> EXERCISE MATERIAL:

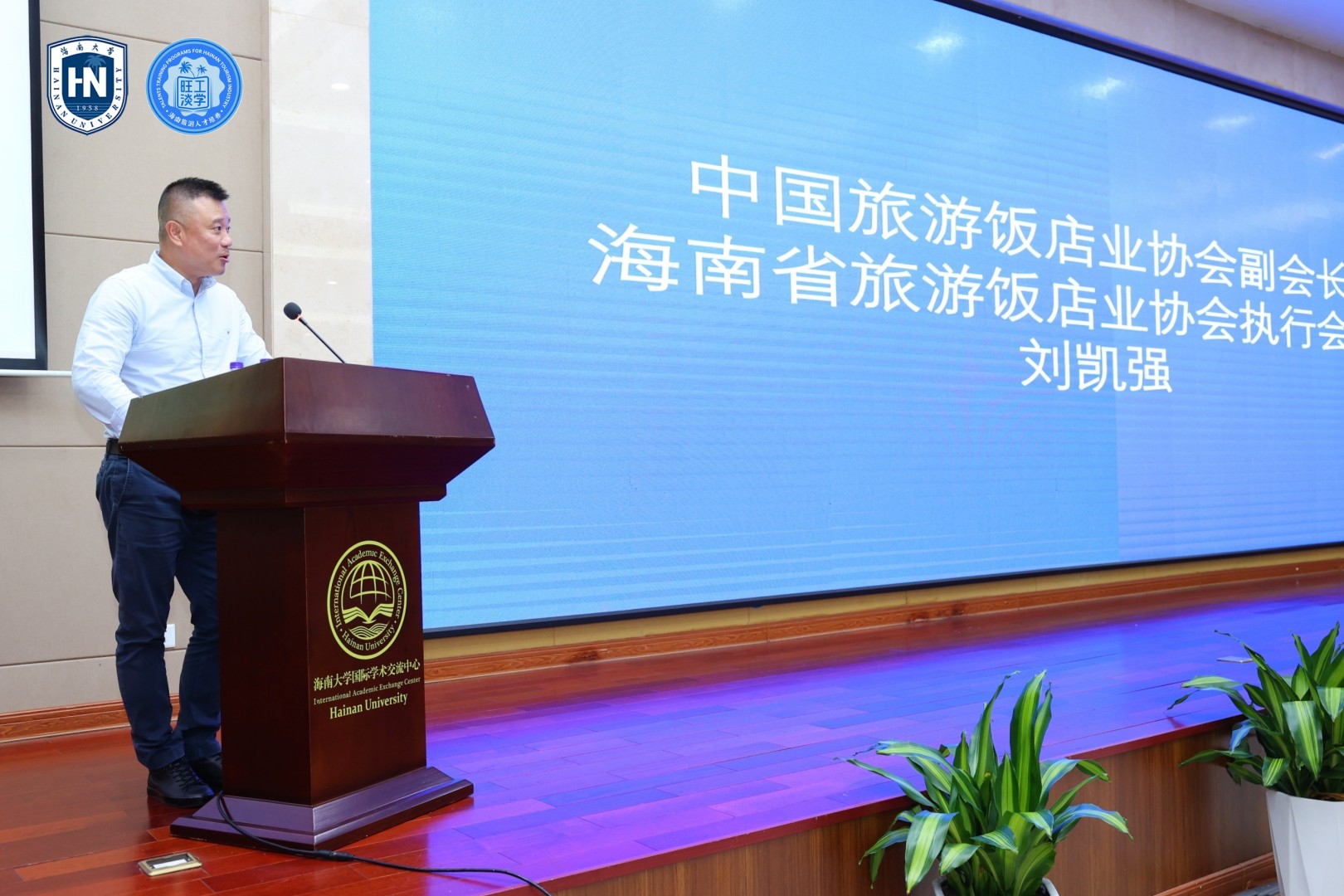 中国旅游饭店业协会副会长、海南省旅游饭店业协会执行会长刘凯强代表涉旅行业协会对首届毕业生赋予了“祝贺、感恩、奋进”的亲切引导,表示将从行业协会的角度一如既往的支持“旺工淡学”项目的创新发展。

==

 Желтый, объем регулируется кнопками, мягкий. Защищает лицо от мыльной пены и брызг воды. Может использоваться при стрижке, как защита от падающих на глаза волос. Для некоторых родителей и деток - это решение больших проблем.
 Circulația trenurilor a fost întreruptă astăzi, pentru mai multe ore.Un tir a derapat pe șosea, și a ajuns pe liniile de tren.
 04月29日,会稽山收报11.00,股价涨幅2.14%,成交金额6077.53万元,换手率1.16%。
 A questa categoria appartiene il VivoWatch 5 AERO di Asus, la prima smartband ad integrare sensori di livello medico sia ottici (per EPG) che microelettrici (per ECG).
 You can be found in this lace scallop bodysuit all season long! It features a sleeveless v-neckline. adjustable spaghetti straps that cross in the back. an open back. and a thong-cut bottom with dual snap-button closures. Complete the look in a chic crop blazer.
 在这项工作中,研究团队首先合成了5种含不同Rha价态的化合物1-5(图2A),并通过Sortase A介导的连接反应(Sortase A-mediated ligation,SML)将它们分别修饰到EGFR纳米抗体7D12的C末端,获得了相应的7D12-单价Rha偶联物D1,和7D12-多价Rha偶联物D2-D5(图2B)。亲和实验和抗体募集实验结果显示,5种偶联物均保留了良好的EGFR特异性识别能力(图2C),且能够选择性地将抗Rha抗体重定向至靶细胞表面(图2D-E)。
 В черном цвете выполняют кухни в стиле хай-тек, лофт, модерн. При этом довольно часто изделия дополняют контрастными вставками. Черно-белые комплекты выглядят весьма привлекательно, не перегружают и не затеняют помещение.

...

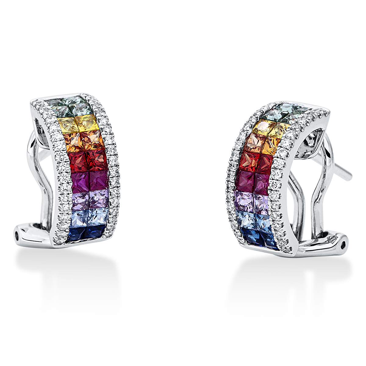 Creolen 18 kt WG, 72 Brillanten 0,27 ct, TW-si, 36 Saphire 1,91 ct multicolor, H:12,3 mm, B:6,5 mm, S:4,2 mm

> DIRECTIONS:
Could you restate, word for word, the lines above from the one with "A questa categoria" to the one with "You can be found", both included?

> TASK OUTPUT:
 A questa categoria appartiene il VivoWatch 5 AERO di Asus, la prima smartband ad integrare sensori di livello medico sia ottici (per EPG) che microelettrici (per ECG).
 You can be found in this lace scallop bodysuit all season long! It features a sleeveless v-neckline. adjustable spaghetti straps that cross in the back. an open back. and a thong-cut bottom with dual snap-button closures. Complete the look in a chic crop blazer.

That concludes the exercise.